Pearlie Ovules
How many times has this happened to you?
You open your door to what you expect to be mute admiration but instead, there they are, those pesky oleoreptiles. Or you step on the gas for what you expect to be insufferable solitude but find, instead, musical chairs. Do you find that facing the music is just too damn sphincteric?

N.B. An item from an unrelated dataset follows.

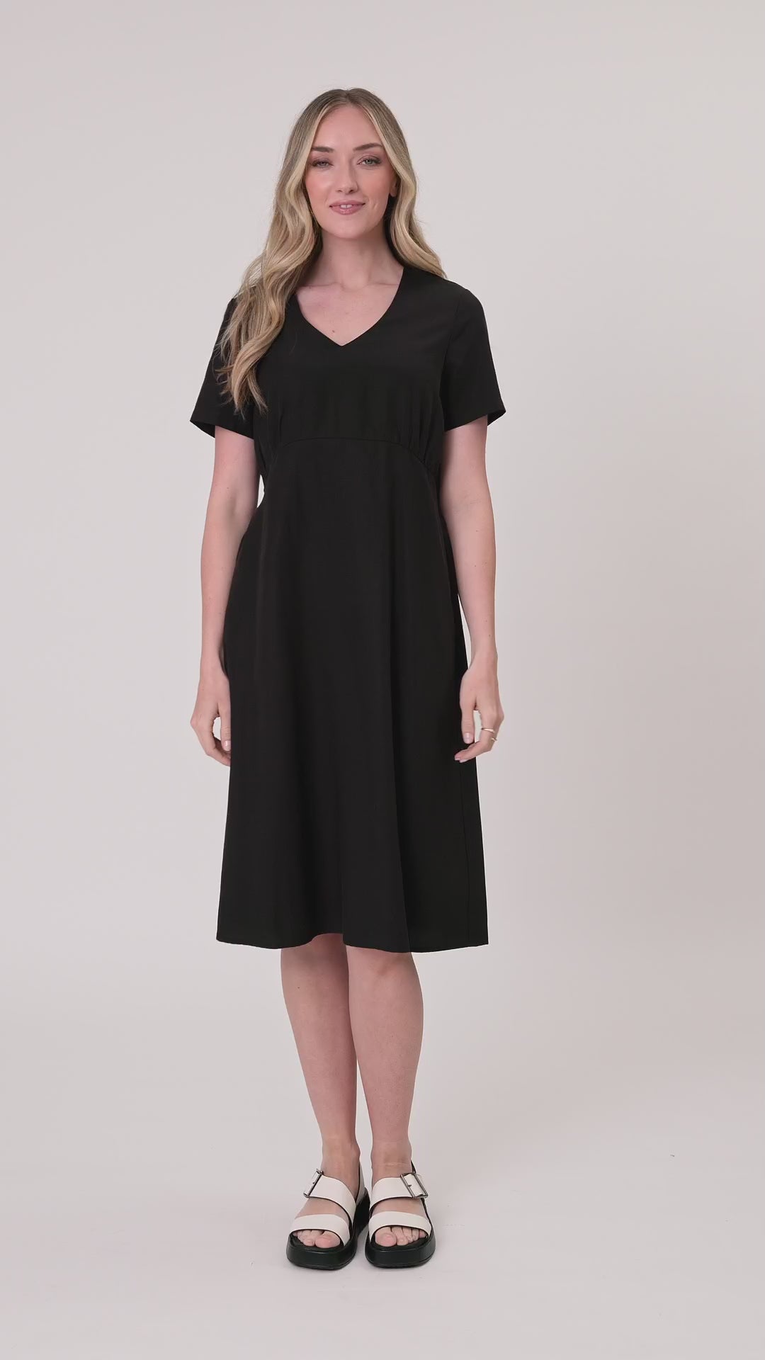 Emilia Dress in black with a V-neckline, short sleeves, gentle gathers under the bust, and a knee-length silhouette, made from a soft, breathable Tencel-linen blend.

No more. Take the point/counterpoint out of this misery once and for all with the pint/quarterpint handy demi-jug of pearlie ovules. They splice, they dice, and they even make julienne fries. Why take a chance? If this weren't a free world, you'd have to order them. So, order yours now!
BUT WAIT!!
If you order in the next 15 minutes, you'll receive an extra order of rodeo tapestry, pre-soiled and ready for hanging. (Cockleburs not included.)
AND THAT'S NOT ALL!!
If you identify the MYSTERY ACTION (user defined), we will send you a new college degree, complete with its prestigious student debt. (A new degree and its debt will arrive every other week! Just pay for the extra shipping.)
You lose money NOT buying this. Pearlie Ovules. A hobby for Dad. A craft for Mom. A miscreant for the kids. Make your neighbors homicidal with envy. It's only your life, after all.
(Not available in any stores. If they don't want to sell them, that's up to them. Not available in Puerto Rico.)